Monday, Apr. 10, 1933

Avery's Deal

All stores last year showed declining sales. Last week Montgomery Ward, no exception, issued its report showing sales for the 13 months ending Jan. 31 down to $176,000,000 compared to $211,000,000 for 13 months ended a year earlier. Significant, however, was the fact that the company's deficit fell from $9,737,000 to $5,687,000. Credit for this goes to Sewell Lee Avery, able head of U. S. Gypsum, who a year ago, nominated by J. P. Morgan & Co., was made president of Montgomery Ward. He promptly scrapped retail stores, deadwood personnel, obsolete merchandise, last summer put out a catalog divided into departments like a department store (with prices cut 18% to 25%) and displaying merchandise with style.
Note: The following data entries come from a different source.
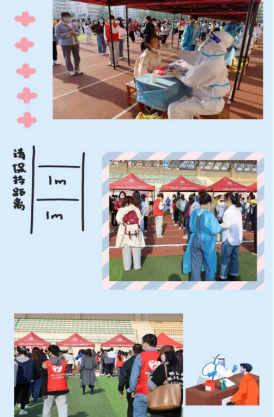 薛瑾瑜,韩咏、尤博文、张梦杰全程参与了OK138太阳集团全院学生的核酸检测工作。他们前期负责安排各班核酸检测的时间与协调工作;中期组建学院青年防疫先锋队,也担任志愿者,配合学校防疫先锋队工作,维持我院核酸检测队伍秩序;后期负责人数统计与各班班长对接工作,确保人数清楚,应检尽检。他们坚信,疫情终将散去,繁华必将如常。
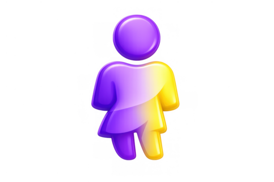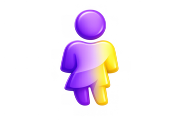 3d female avatar icon in shiny purple and yellow gradient with transparent background representing user, identity, or gender
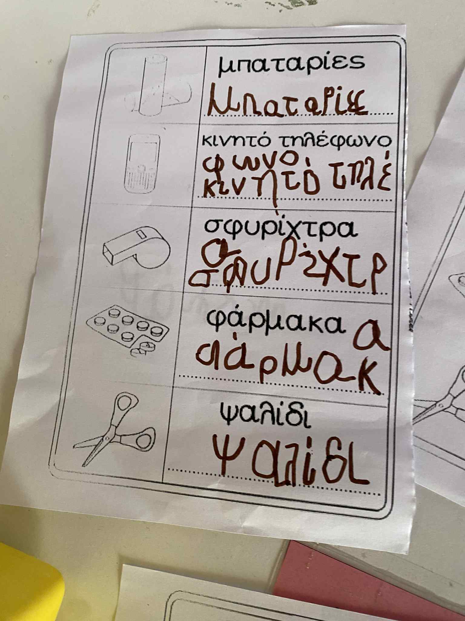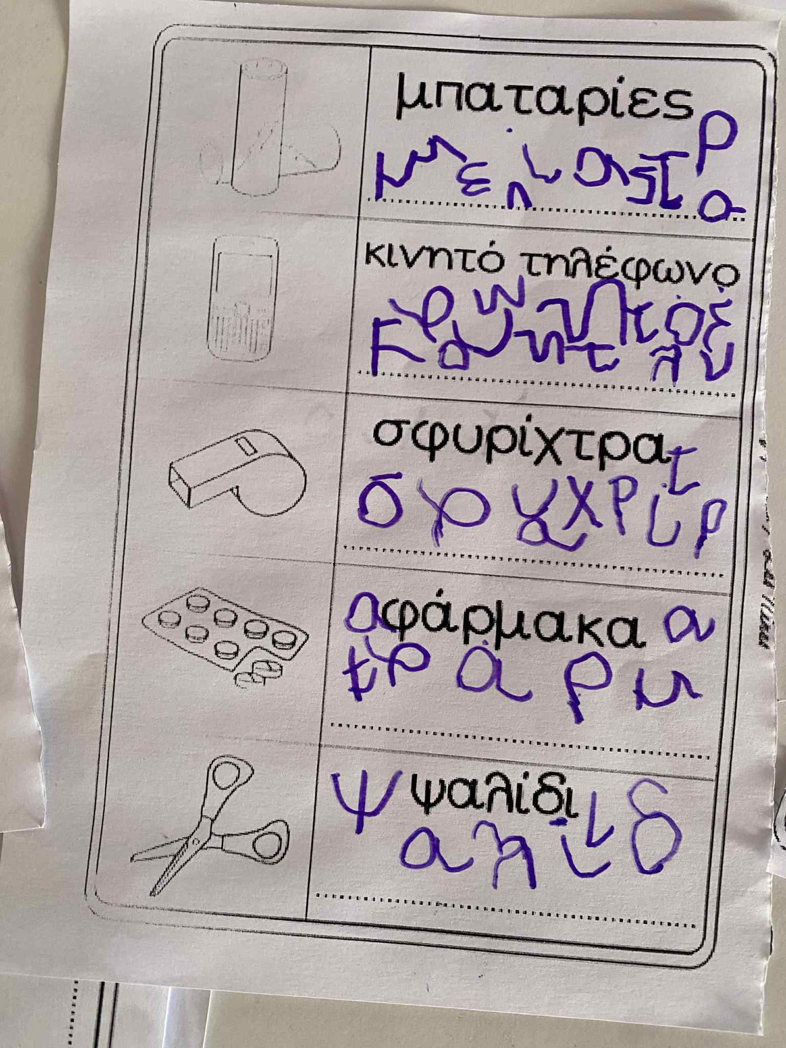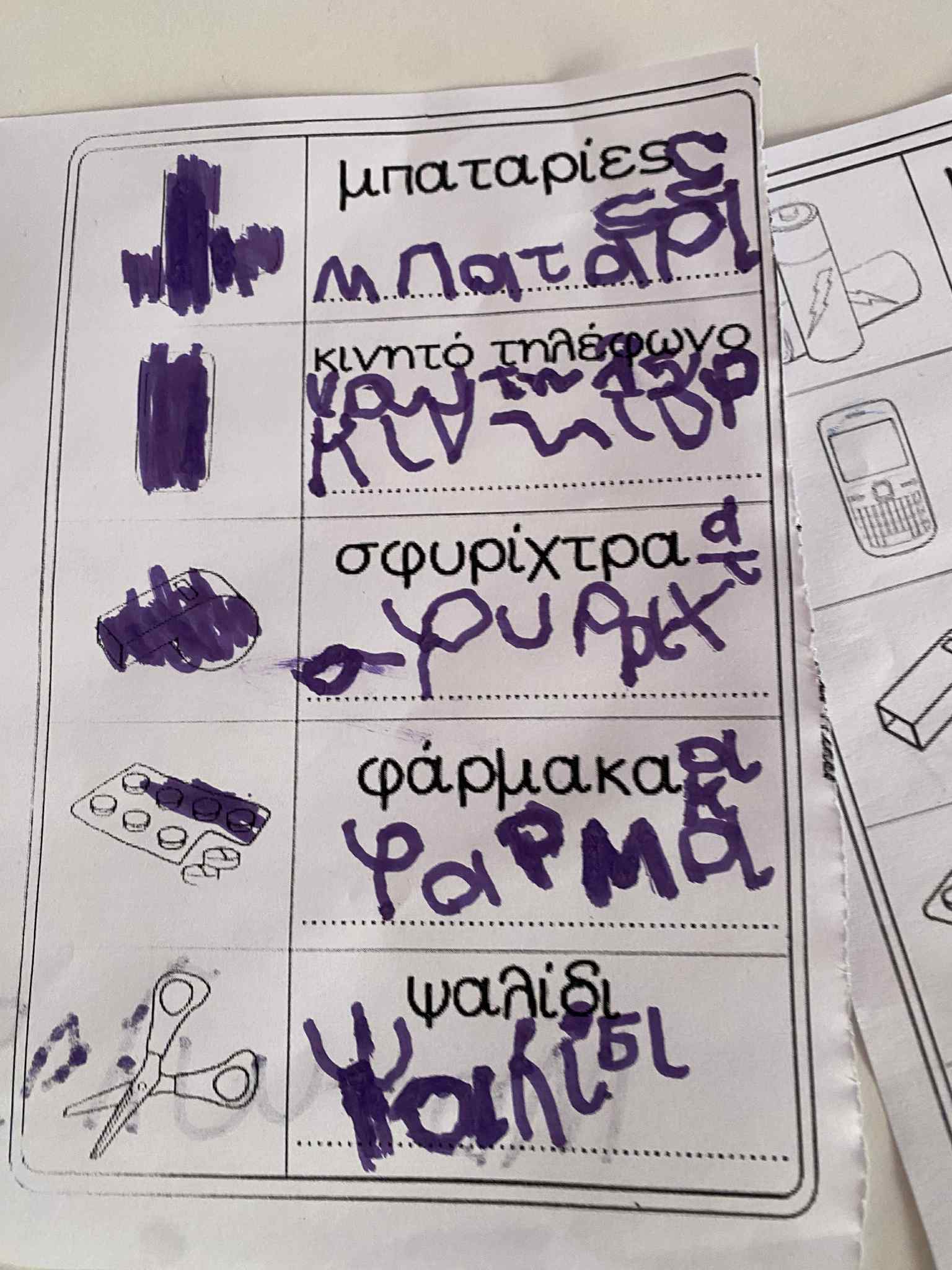 Αφού τα παιδιά είδαν και κατανόησαν το πείραμα, αποτύπωσαν και στο χαρτί ό,τι παρατήρησαν και έγραψαν «όχι» στην ερώτηση αν αναμιγνύεται το λάδι με το νερό.
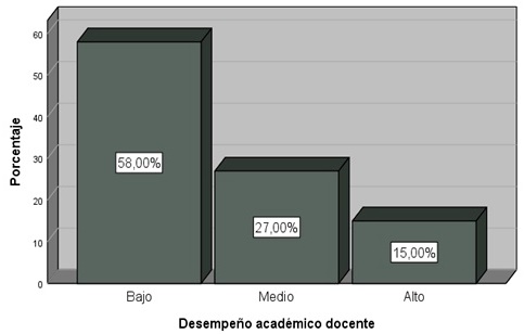 Esto significa que la mayoría de los docentes encuestados calificaron nivel bajo con 58,00% predominando más este nivel siendo este el porcentaje más alto de los tres niveles, seguido del nivel medio calificado con 27%,00 y el nivel alto tiene 15,00% del total. En donde se concluye que el desempeño académico docente se ve afectado significativamente.
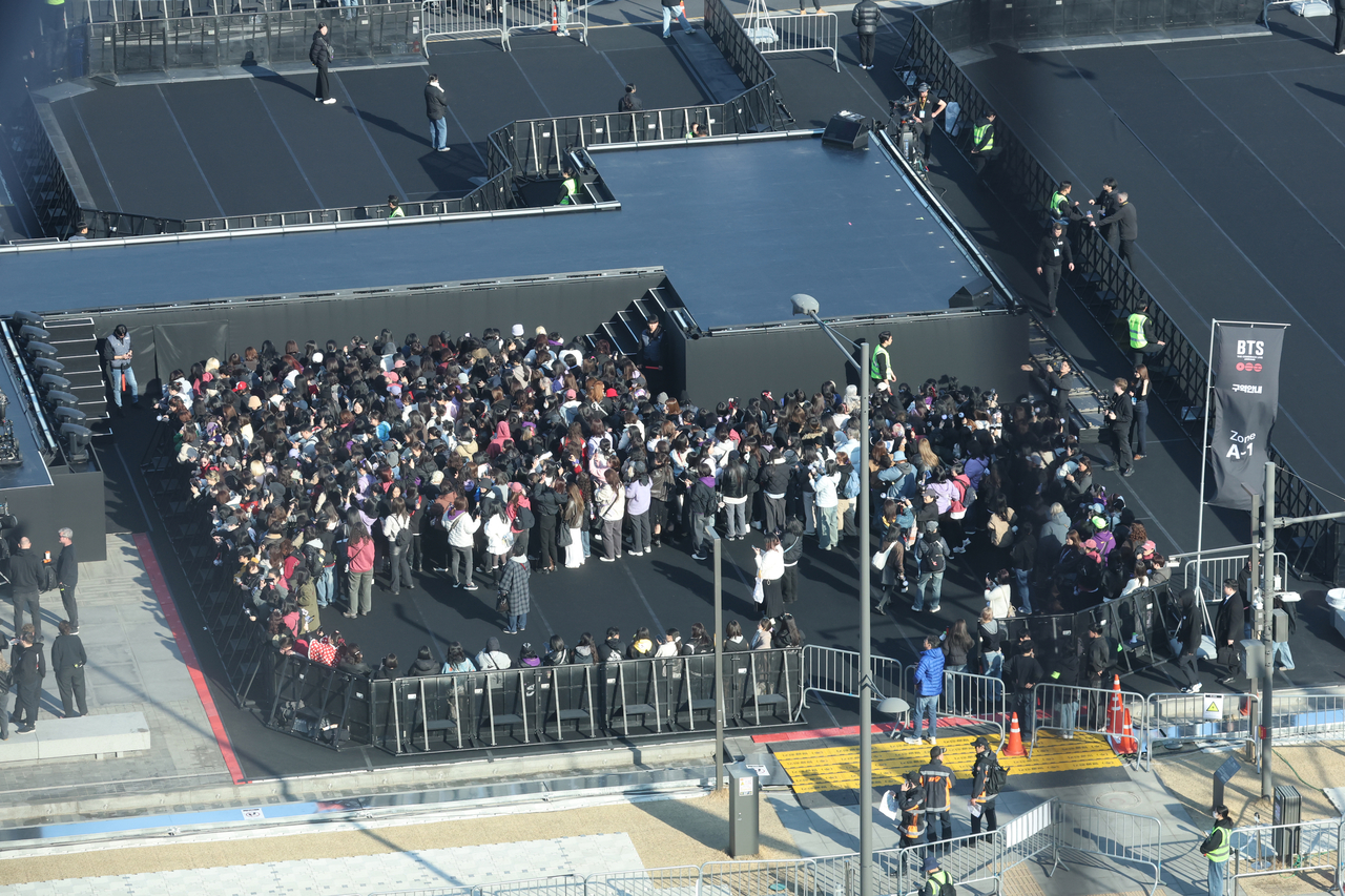 | ‘BTS 컴백 라이브: 아리랑’(BTS THE COMEBACK LIVE|ARIRANG)이 열리는 21일 서울 광화문광장 공연장에서 관객들이 객석에 입장하고 있다. [연합] |

Quiet Sewell Avery, one of Chicago's leading citizens, able conversationalist, last week looked well worth what he costs his stockholders. His salary was not given but in his report he disclosed what had been the chief inducement offered him to take the job: an option to purchase 100,000 shares at $11 a share. He furthermore disclosed how the company got shares that it holds in its treasury against his option: 43,117 were repurchased with 5% interest from employes who had bought them on stock subscription plan--thereby saving the employes from loss; 49,178 shares were purchased last year in the open market at an average price of $8.43 a share. Thus did the company not only support the market for its stock but also placed itself in position to make a profit of $126,000 if & when Mr. Avery exercises his option. Moreover on the day when Mr. Avery became chairman of Montgomery Ward the stock of the company was sold at $10.25 or 75-c- under the option granted him, thus any other stockholder stood to make more on appreciation of the stock than Mr. Avery. With

Montgomery Ward selling last week at 12 1/2 Mr. Avery had a profit of $150,000. If it goes up to 21 he will have $1,000,000 profit.*

* In 1921 when Sears, Roebuck was in difficulties Julius Rosenwald made that company a gift of 50,000 shares of its own stock then worth about $60 a share. The gift was conditioned by an option to repurchase at $100 a share. Later he exercised the option when the stock was selling at $235, made $6,750,000.